The global games and services market is forecast to shrink 1.2% year-on-year to $188 billion in 2022, the first annual decline in more than a decade, according to data from Ampere Analysis.
“The squeeze on the cost of living means additional pressure on household budgets,” Piers Harding-Rolls, director of research at Ampere, told CNBC.
“The impact is likely to be felt on high-end ticket items that could include console hardware, although limited availability and limited demand specifically for higher-end consoles means the impact will be minimal for now.
Harding-Rolls added: “There could also be some additional pressure on high spending in the game as players adjust their discretionary spending.”
Some companies are betting that a push toward subscription products will help offset the effects of declining game sales.

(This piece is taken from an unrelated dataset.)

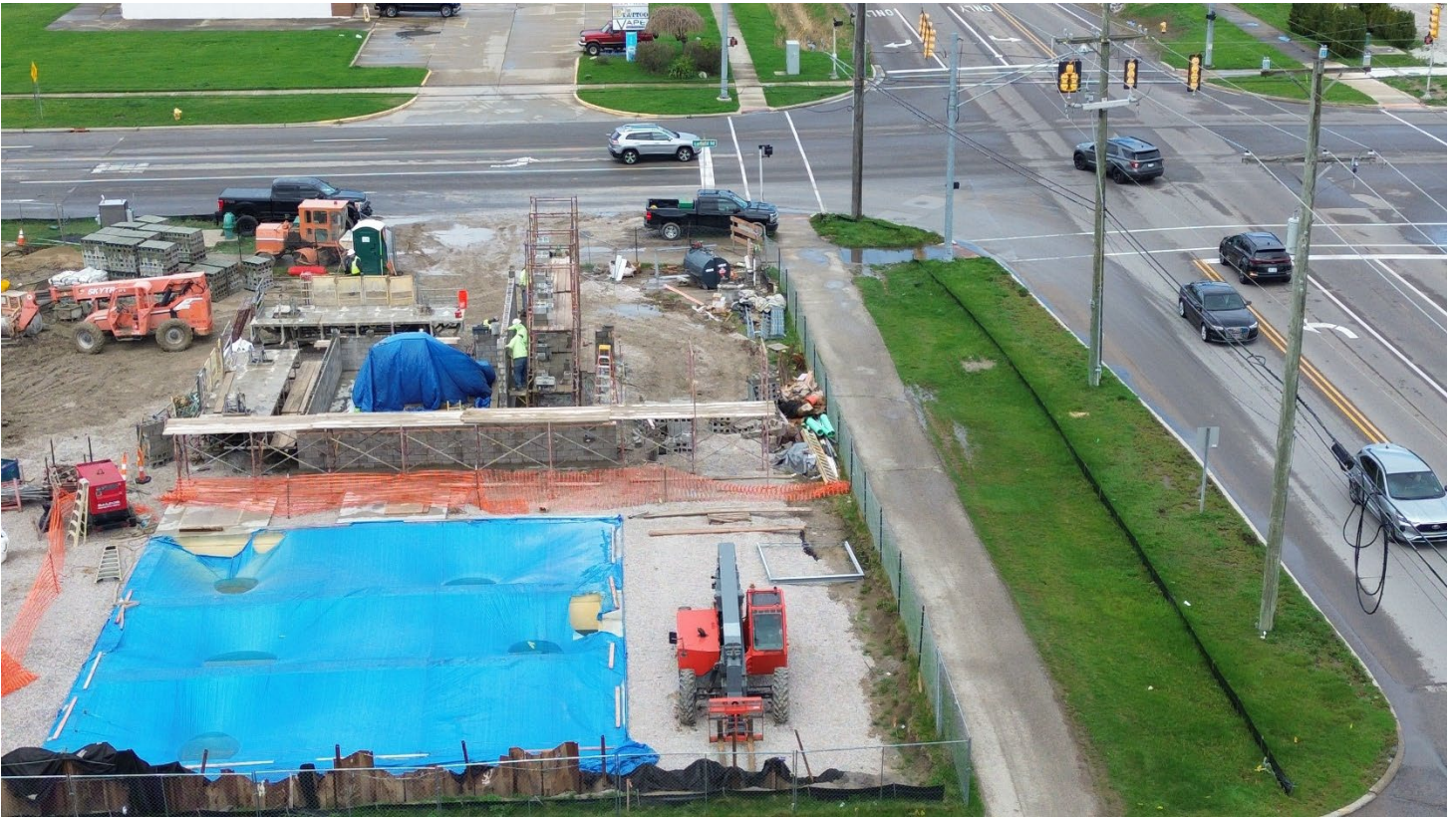
Figure 10 – Aerial View of the Macomb Bio-Filter – Masonry Work Underway

According to Microsoft, the growth of the company’s Xbox Game Pass subscription program helped soften the blow of softer demand for consoles and games. Although Microsoft did not provide an updated subscriber count for the service, it had over 25 million total subscribers as of January.
Sony recently revamped its PS Plus subscription service and hopes the move will help combat the recent lack of gaming activity. PS Plus subscribers totaled 47.3 million, according to Sony’s quarterly report, down slightly from the previous quarter.